7. You’re really tired of explaining to people ‘what you do.’

“So, what do you do?”

“…I’m a [muffled response].”

“A what?”

“…I’m a — uh, freelance writer.”

“Wow, that’s cool. I wouldn’t have pinned you for a writer; you look nothing like Ethan Hawke.”

“…”

“So, like, who do you write for?”

“Some websites you don’t know and some magazines you don’t read and a few companies you can pretend you’ve heard of.”

“Cool. I’m gunna wait silently for someone else to talk to me.”

8. You’re really tired of explaining ‘what sort of stuff you write.’

“So, what do you do?”

“I’m a…writer.”

“Cool.”

“…”

“So, like, what sort of stuff do you write?”

“Like, everything.”

“Like, novels and stuff?”

“Uh, well yeah, but, not for, like, work.”

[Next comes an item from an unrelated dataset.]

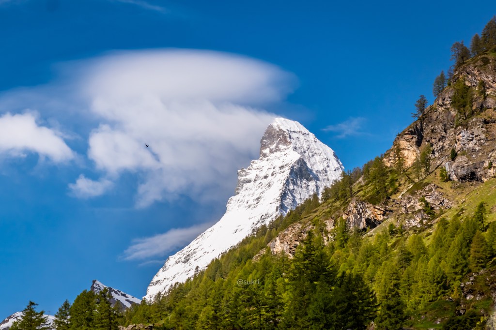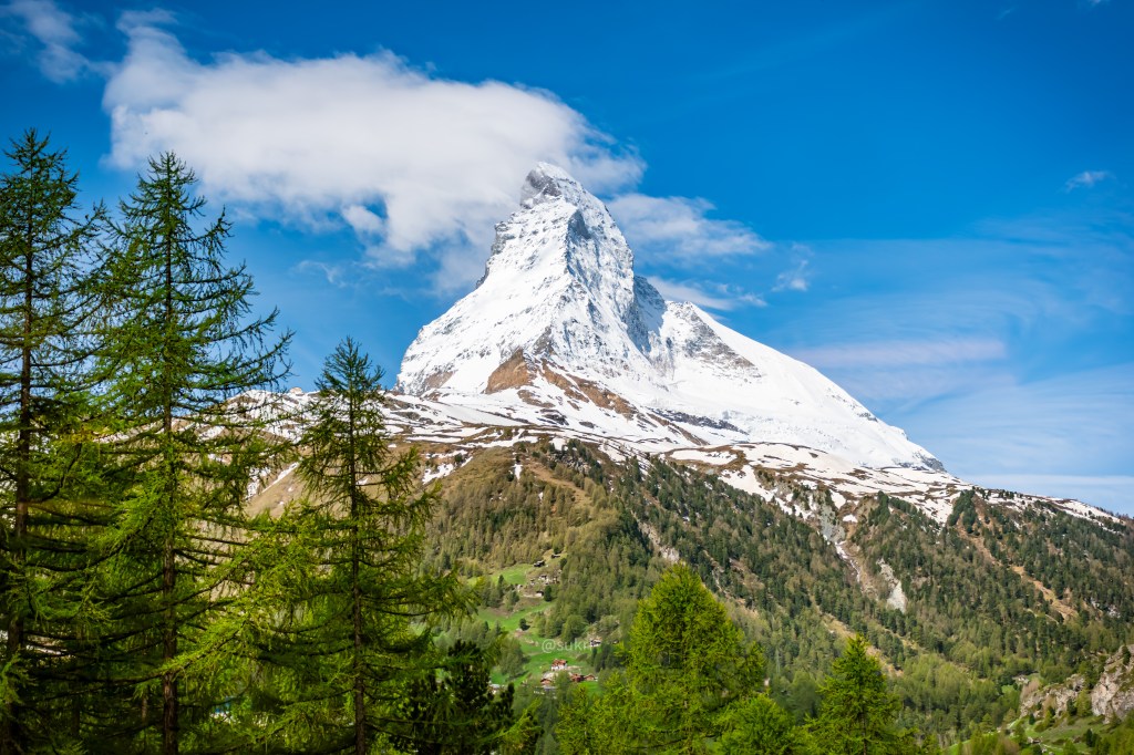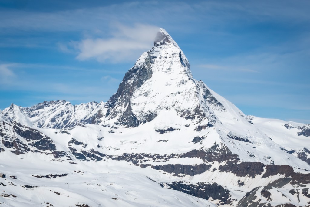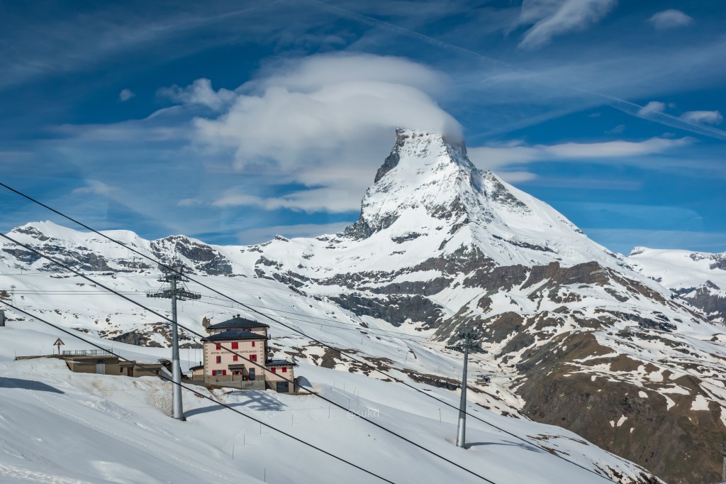 At 4478m Matterhorn is not even the tallest mountain in Switzerland but it is the most identifiable. It is on souvenirs, on trains and buses, on travel brochures and guides and even on chocolates! Toblerone had the Matterhorn on its logo until they moved their production to outside Switzerland. It would be a travesty not being able to see it after it being the face of Switzerland! It’s located on the border between Switzerland and Italy. Many attempts have been made to summit it. Despite it having a ridge and a gradual ascent from the Italian side, the mountaineers could not summit. The successful summit was made from the Swiss side in 1865. The Hörnli hut, perched on a ledge at the foot of the Matterhorn (a tiny spec in the picture above), is used for overnight stops in hikes to Matterhorn today. The hike to Hörnli mountain hut is a worthy hike in itself.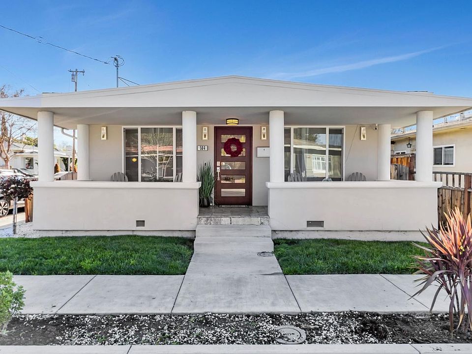 The DESIGNER KITCHEN is a chefs dream, boasting a premium Thor gas range, commercial-grade vent hood, built-in wine & beverage fridge, sleek stainless steel appliances, & a spacious island. Elegant HARDWOOD floors & recessed lighting enhance the open, airy feel of the home. The luxuriously remodeled bathrooms offer a spa-like retreat, w/ the primary bathroom showcasing a frameless glass shower door & designer tile work. Custom-built closets provide ample storage, while SunTunnels bring in even more NATURAL LIGHT, creating a bright & inviting atmosphere. A charming front porch offers the perfect spot to relax & enjoy sunny afternoons, adding to the homes welcoming curb appeal. Additional upgrades include an automatic driveway gate, recently UPDATED ROOF, & REBUILT FOUNDATION for added peace of mind. Excellent SANTA CLARA SCHOOLS! Nestled in a highly desirable, walkable neighborhood, this home is just steps from local eateries, cafes, & minutes from Santa Clara University, the tech hub, & easy freeway access. A perfect blend of style, convenience, & modern living!

“Oh. Then what do you write?”

“Oh, you know, like — blogs and emails and articles and stuff.”

“That’s a job?”

“…”

9. You’ve had free business cards made so you can enter contests for free lunch.
10. You have a ‘system’ for your clothes.

To go with the sweatpants/shorts and hoodie that are worn constantly and never washed, there’s the comfortable ‘work’ t-shirt and underwear that get cycled once a week, and if I actually leave the house I put on ‘real’ clothes then change back into the ‘work’ ones later, meaning I live in my version of pajamas. Is this just me? Great.

11. You think you’re a lot better at scheduling than you really are.

Whoops, didn’t account for the 16 urgent emails, chatty mailman, extra episode of Frisky Dingo at lunch, and the dog vomiting on the laundry after eating your underwear — the ‘real’ underwear you left out because you only wore them for like an hour yesterday before changing back into your ‘work’ underwear, and you were going to wear them out again tonight.

12. You’re irrationally snobbish about your work hours.

On one hand, you can’t go back to an office job because it’s so liberating to not have to wake up on time or stay late or have a standard workweek — but then you end up waking at 8:30, cutting out at 5, and taking weekends off, anyway. Somehow it’s different, though, I swear.

13. You’re irrationally snobbish about your schedule.

One of the best things about freelancing is working your own schedule. I can work any days I want! Woo! And then you have to have an errand day in the middle of the week under constant, pulse-throbbing anxiety because it’s killing you to take an entire day off.

14.You’ve forgotten how awful commuting is.

One day your internet goes out and you have to drive to a café eight minutes away, and you curse the whole way because of all the time it’s wasting.

15. The idea of buying lunch is absurd.

I still can’t shake the feeling that I’m making a big mistake even when I eat lunch out while traveling. Such is being spoiled by having leftovers and an entire kitchen at your disposal with no set lunch hours.